I'm thinking of designing those walnut handles today. I brought the night stand up out of the basement till I get the humidity in check again. Its bigger then I thought now that its up in the living area of the house. I'm still very pleased. 

Bri


----------



## btyirin (Aug 14, 2008)

Finally got a new dehumidifier. I have been given the green light for woodworking again, YAY!!!!!!!!!!!!!
I made the walnut handles tonight. I got some cherry wood plugs in there (temp) Haven't made up my mind yet. I like the walnut though.............very much. The handles have a slight curve on both sides that the pic doesn't show. I think I will be leaving the wood plugs the way they are (extended out). Just a final sanding and then some satin poly. I'm very pleased with the outcome of this project. 

Hope everybody is well. 

Bri


----------



## ACP (Jan 24, 2009)

Very nice finsihing touches. Those handles are really cool and I like the dowels sitting proud too.


----------



## Kenbo (Sep 16, 2008)

Are you freakin' kidding me?

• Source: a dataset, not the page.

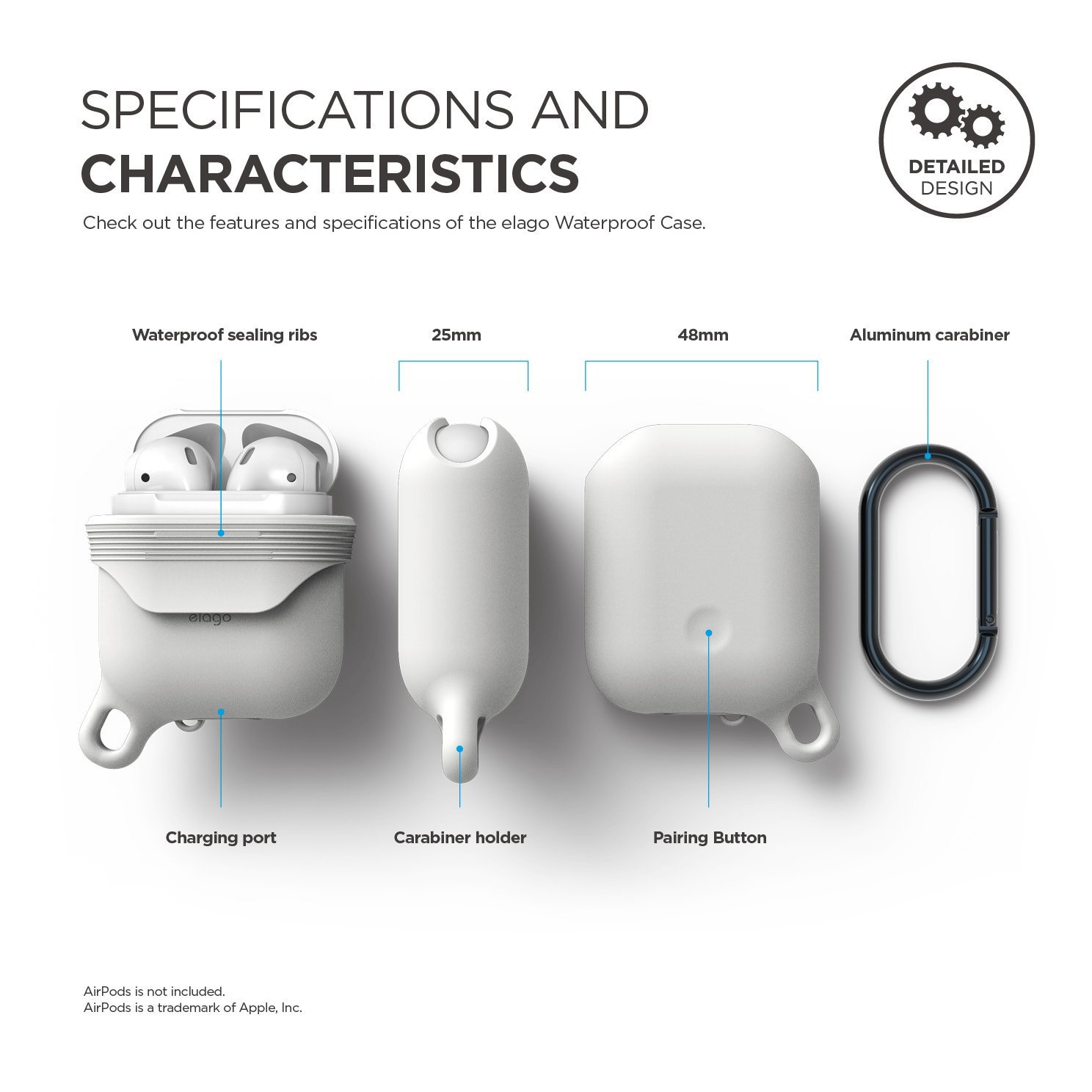 The liquid/dust seal design provides layers of protection that water and dust cannot get past. The charging port cap creates an incredible seal just like the rest of the layers of protection. Have peace of mind knowing that your AirPods are safe when things get a little messy!

That is an awesome looking night stand. You should be very pleased with it, and if you're not, I'll be happy to remove it from your property. A great project from start to finish. It's a very satisfying thing to see your idea come to life from computer screen, to paper, to finished product. Congratulations on a job well done.
Ken


----------



## Wizard1500 (Jul 12, 2009)

That nightstand is gorgeous.....excellent work.....


----------



## phinds (Mar 25, 2009)

PRACTICE PIECE ??? Wish I could do that well on my final pieces. Looks great.


----------



## kenmtb (Jul 15, 2010)

Beautiful work :thumbsup:
It must feel great to be able to create something that is nice looking and 
practical.


----------



## btyirin (Aug 14, 2008)

Thanks for the kind words guys. It means a lot to me. I need to stay motivated so I can get the finish on it and then start another one so I'll have a pair. Not to mention a matching bed. I think I'll be laying the poly on tomorrow evening though.


----------



## reftech (Jun 10, 2009)

Dont use poly, Go with Tongue oil instead


----------



## btyirin (Aug 14, 2008)

I love and hate poly. I think I need to put satin poly on this project though. I know I'll be leaving my laptop and a drink on top of it on a daily basis. Probably a midnight snack too. In other words.....I'm going to use the crap out of it. Plus we got the kids around. It would look better with tung oil though. I am also fairly experienced with using oil based poly and I know what to expect. I don't want any surprises on this project. 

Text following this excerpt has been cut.